In the healthcare field, about 700,000 scientific articles are published each year, Mr Chow pointed out. IBM helps medical specialists identify the latest information in their field of interest to help improve institutional knowledge and best practices.
“AI is helping make life better at work and at home,” Mr Chow concluded.
AI in networking and security
“By 2020, insights-driven businesses will steal US$1.2 trillion per annum from their less-informed peers,” predicted Garrick Ng, Chief Technology Officer of Cisco Hong Kong, Macau and Taiwan. Ng explained why ML is emerging now:
- Lower storage costs.
- Much higher central processing unit (CPU) speed, which allows more to be done.
- Algorithm maturity and efficiency.
Ng also explained the difference between AI, ML and DL. DL is a subset of ML, which in turn is a subset of AI. While AI is a technique that allows computers to mimic human behavior, ML gives computers the ability to learn from data. This is the present focus, since it is the recent explosive increase in data that allows machines to learn. But the neural network in DL is a powerful and diverse tool used at Cisco.
Cisco is involved in cognitive collaboration, applying it in the form of bots and virtual assistants, computer vision (CV), and audio and visual technology.
In CV, computing ability allows the computer to be trained to do tasks better and faster than humans can. “But we will not see Terminator-type capability in robots,” he said. “CV can be used to do only very specific tasks that can’t be transferred to other functions.”

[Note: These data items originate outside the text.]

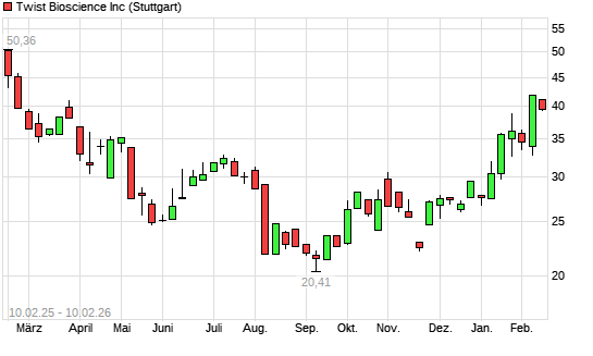 Mit dem Anstieg auf 41,26 EUR hat die Twist Bioscience-Aktie (ISIN US90184D1000) am 09.02.2026 ein neues 6-Monats-Hoch erreicht und damit den Kurs vom 05.02.2026 eingestellt.Die Twist Bioscience-Aktie ...weiterlesen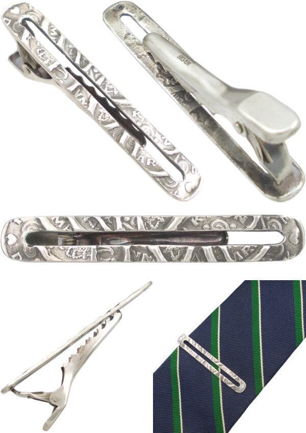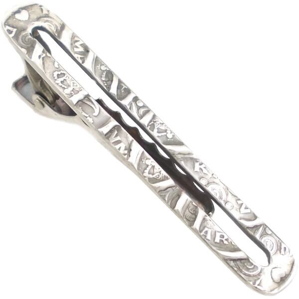 両端のコインノハート模様は活かしつつステンドグラスの様なモザイク模様にアレンジされシルバーらしい燻しの濃淡と相まってクラシカルな深みが魅力。滑り止めも意識した朽ちた様な荒らし仕上げの裏面など枯れた感も秀逸でビジネスシーンにもさり気なく溶け込む大人の気品も感じる。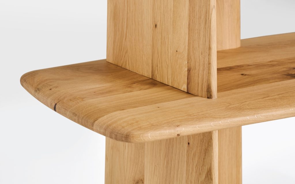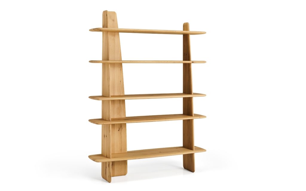 5 étagères – Pieds, montants et étagères : chêne massif – Finition unique : Chêne Organic.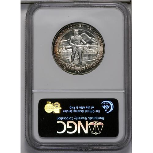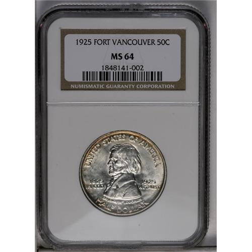 <B>1925<50C> Vancouver MS64 NGC.</B></I> Whispers of reddish-tan, lavender, and cobalt-blue toning hug the rims of this near-Gem commemorative. Lustrous surfaces are in receipt of a few minor marks, thus keeping the coin from full Gem.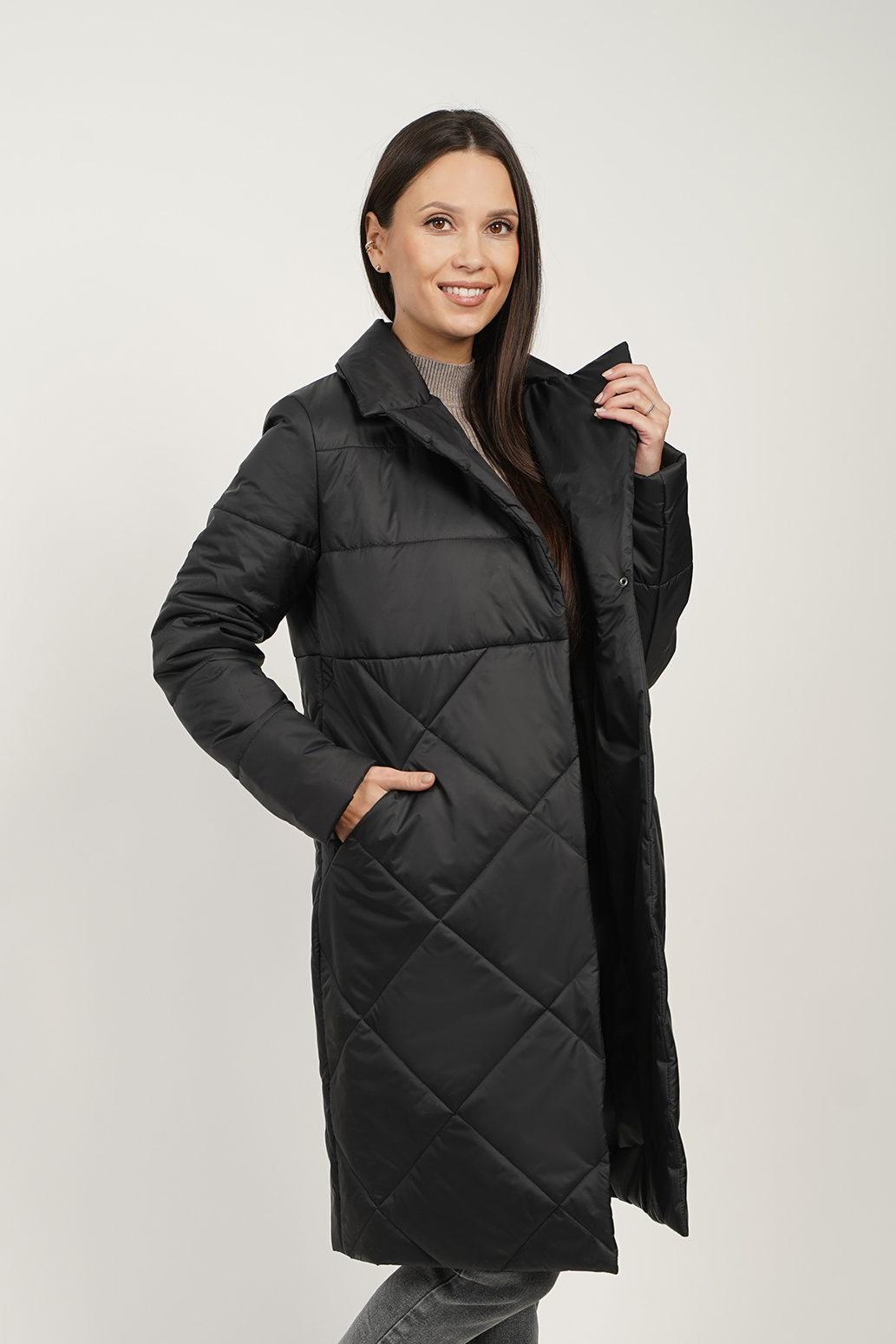 0 руб.Это женское демисезонное пальто идеально подходит для осенних и весенних прогулок. Удлиненное стеганое изделие выполнено из качественного синтепона, что обеспечивает отличную теплоизоляцию и комфорт в прохладную погоду. Длинная модель до колен защищает от ветра и холода, а стильная стежка ромбами придаёт элегантный вид. Шалевый воротник добавляет завершающий акцент, обеспечивая дополнительное утепление и уют. Пальто также оснащено карманами в шве, что делает его не только стильным, но и практичным. С таким изделием вы сможете легко создать гармоничный образ для любого случая, оставаясь при этом в комфортной теплой одежде.

He showed an example of how CV can be used in a video conference to count people, adjust the temperature, identify and zoom in on the active speaker, and connect names to faces to make work more productive. In another example, Cisco’s Webex assistant uses speech recognition to allow voice control and natural language understanding, which permits dialog management and question-and-answer sessions, as well as room booking and temperature adjustment through voice commands. “These changes won’t transform life,” Ng said, “but they will make small improvements.”
Another AI function is noise detection in meetings. AI can detect and classify non-human noises, and transform the noise data or mute it.

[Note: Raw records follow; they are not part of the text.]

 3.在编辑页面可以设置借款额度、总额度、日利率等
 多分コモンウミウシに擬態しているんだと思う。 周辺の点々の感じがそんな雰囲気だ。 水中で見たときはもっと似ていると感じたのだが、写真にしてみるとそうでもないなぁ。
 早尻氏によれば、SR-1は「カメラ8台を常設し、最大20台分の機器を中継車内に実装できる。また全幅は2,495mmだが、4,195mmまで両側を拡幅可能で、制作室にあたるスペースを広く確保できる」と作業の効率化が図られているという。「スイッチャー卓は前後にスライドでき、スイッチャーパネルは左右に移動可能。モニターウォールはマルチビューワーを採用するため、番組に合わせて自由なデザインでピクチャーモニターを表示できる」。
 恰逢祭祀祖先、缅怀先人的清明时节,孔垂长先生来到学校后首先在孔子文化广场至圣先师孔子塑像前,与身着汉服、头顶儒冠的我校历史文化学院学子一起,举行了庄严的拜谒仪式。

Cyber-security is being improved through AI, said Ng. Cisco blocks 20 billion threats per day. By looking at initial data packets and the sequence of packet lengths and times, Sisco can map the entire internet in a three-dimensional flow, ‚identifying the good guys and the bad guys‘.
Cisco provides predictive analysis for network outages, explained Ng. On one network with 57,000 devices and 60 platforms, Cisco can predict an outage 15 hours before it happens and provide a preventive fix within one hour. “ML can give these precise predictions thanks to massive data,” Ng explained. “In the ML universe, data is king, even more important than algorithms. Whoever has the best data will have the best system.”
“The main benefits of AI and ML,” concluded Ng, “will be intelligent infrastructure and improved business efficiency.”